_ASSIGNED TASK_
Your output should be the lines from the one containing "Я тут работал" through the end of the listing, exact and inclusive, with no pictures.

_RECORDED DATA_
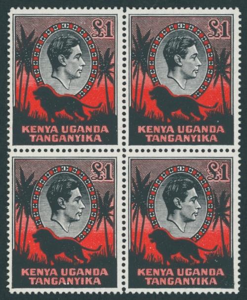 Collections and Ranges. An unusual King George VI British Commonwealth collection in album, comprising mint sets in blocks of four, all seemingly unmounted, including British Honduras 1938-47 set, British Virgin Islands 1938-47 set, Cyprus 1938-51 set, Hong Kong 1938-52 values to $10 lilac and blue, Jamaica 1938-52 set, 1938-54 K.U.T. set (£1 perf. 14), Kuwait 1948-49 set, Leeward Islands 1938-51 set with 10/- plate number "1", Malaya B.M.A. 1945-48 values to $5 purple and orange, Mauritius 1938-49 set, Montserrat 1938-48 set to 5/-, North Borneo 1947 set, 1950-52 values to $10 (less S.G. 366), Northern Rhodesia 1938-52 set, Nyasaland 1945 set, Pakistan 1947 set, Southern Rhodesia 1938 set, St. Helena 1938-44 set, St. Lucia 1938-48 set, St. Vincent 1938-47 set, Seychelles 1938-49 values to 5r., Swaziland 1938-54 set, Transjordan 1930-39 set, Trinidad and Tobago 1938-44 set, Tristan da Cunha 1952 overprinted set, Turks and Caicos 1938-45 set, 1952 imprint set, Zanzibar 1936 set. An excellent lot with plenty of potential, £17,000+ Photo. (Image1)
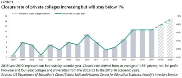 据穆迪投资者服务公司在今年7月23日发布的报告,美国私立大学的倒闭率已上升到每年约11所,而且预计这个比率还会增加。而据美国学习部预测,美国的私立大学的合并和倒闭案例,还将在未来几年里快速增长,现在已有25%的私立大学出现了财政赤字。其中,小型的私立大学首当其冲,这里面包括了许多奉行博雅学习的文理学院和艺术学院。这也使得许多学校削减文科院系的经费,裁减在文科院系教学的老师,甚至关闭某些文科项目。这也是人文学科在美国衰落的一个体现。
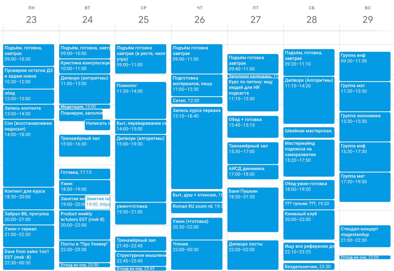 Я тут работал с коучем и нужно было заполнять неделю, сначала план, потом факт. В факте у меня продолбалось 2 часа в неделе вникуда, но это всё ещё очень продуктивная неделя была.
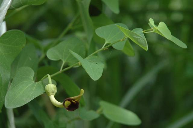 トモエソウが見えたので写真を撮ろうと近づくと、トモエソウにウマノスズクサが巻き付いていた。花も2~3個付いていたので早速撮影した。

_REPLY_
 Я тут работал с коучем и нужно было заполнять неделю, сначала план, потом факт. В факте у меня продолбалось 2 часа в неделе вникуда, но это всё ещё очень продуктивная неделя была.
 トモエソウが見えたので写真を撮ろうと近づくと、トモエソウにウマノスズクサが巻き付いていた。花も2~3個付いていたので早速撮影した。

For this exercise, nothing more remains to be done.